Breitling-Designer Sylvain Berneron macht sich auf den Weg, die Asymmetrie auf eigene Faust zu erforschen

Ursprungsgeschichte
Es ist heute schwierig herauszufinden, wie man über eine aufregende neue unabhängige Marke berichtet. Wenn ein neuer Uhrenhersteller bei Liebhabern und Sammlern Anklang findet, werden seine Uhren oft mehrere Jahre lang verkauft, bevor es überhaupt ein fertiges Produkt gibt.

Dies ist der Fall bei Berneron, der neuen Marke von Sylvain Berneron, Kreativdirektor bei Breitling. In den letzten zwei Jahren hat Berneron die Mirage entwickelt, seine erste unabhängige Uhr.
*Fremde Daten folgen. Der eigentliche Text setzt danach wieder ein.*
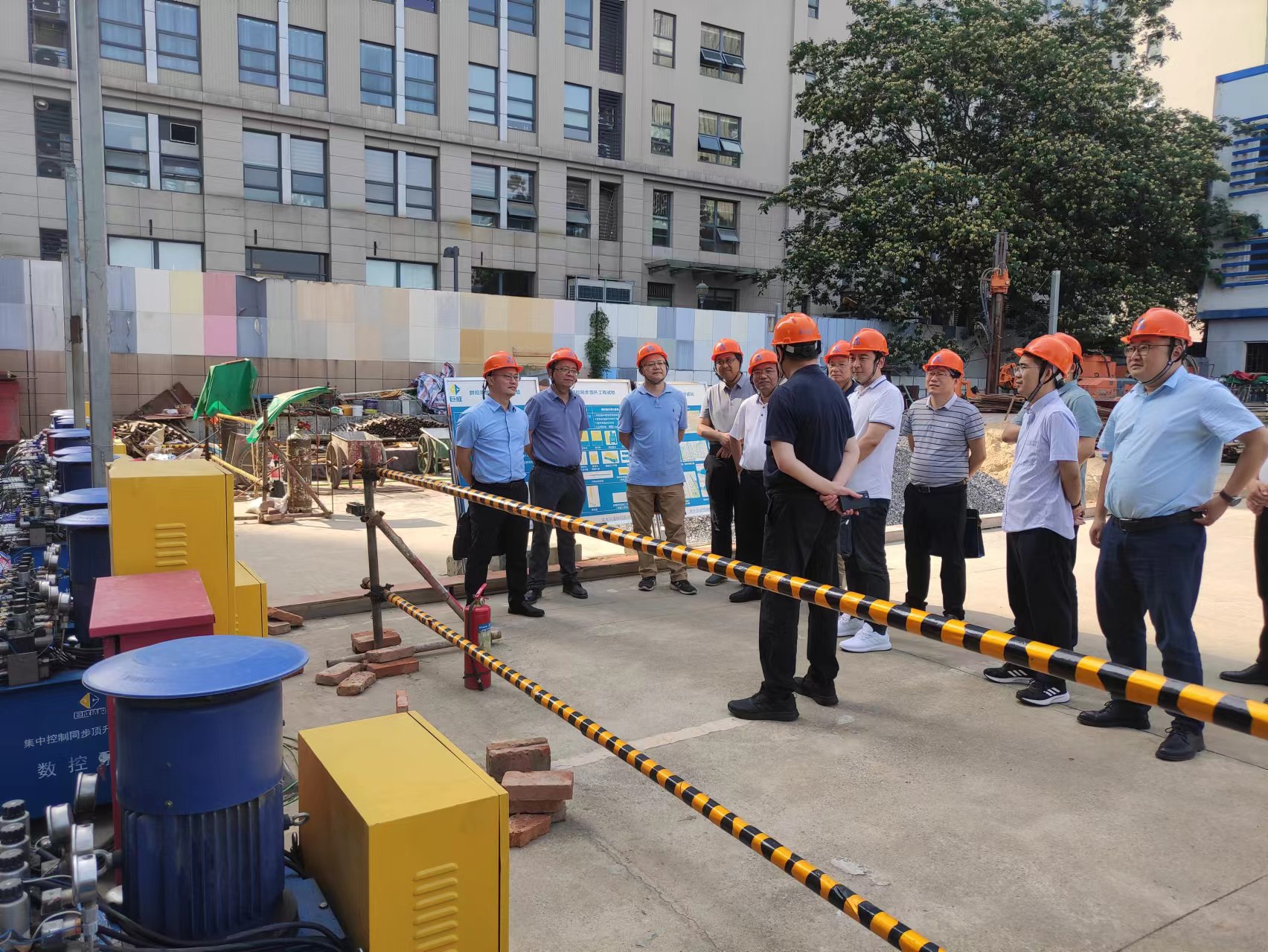 陈总一行首先考察了sunbet申搏官方网站群控同步顶升工程试验项目现场,副总经理张畅介绍了顶升试验的背景、目的和群控同步顶升大型数控设备以及顶升应用前景。双方对钢滑道顶升技术和应用场景展开了深入的讨论和交流,大家一致认为sunbet申搏官方网站群控同步顶升技术能够在城市更新、老旧小区改造以及桥梁顶升等领域发挥重大作用。

Auf den ersten Blick sieht es aus wie eine wunderschöne, asymmetrische Mischung aus einer Patek Philippe Calatrava und einer Cartier Crash. Aber indem er sich weigerte, bei seiner Vision Kompromisse einzugehen, ist es Berneron gelungen, eine Uhr zu schaffen, die innen und außen etwas Einzigartiges bietet.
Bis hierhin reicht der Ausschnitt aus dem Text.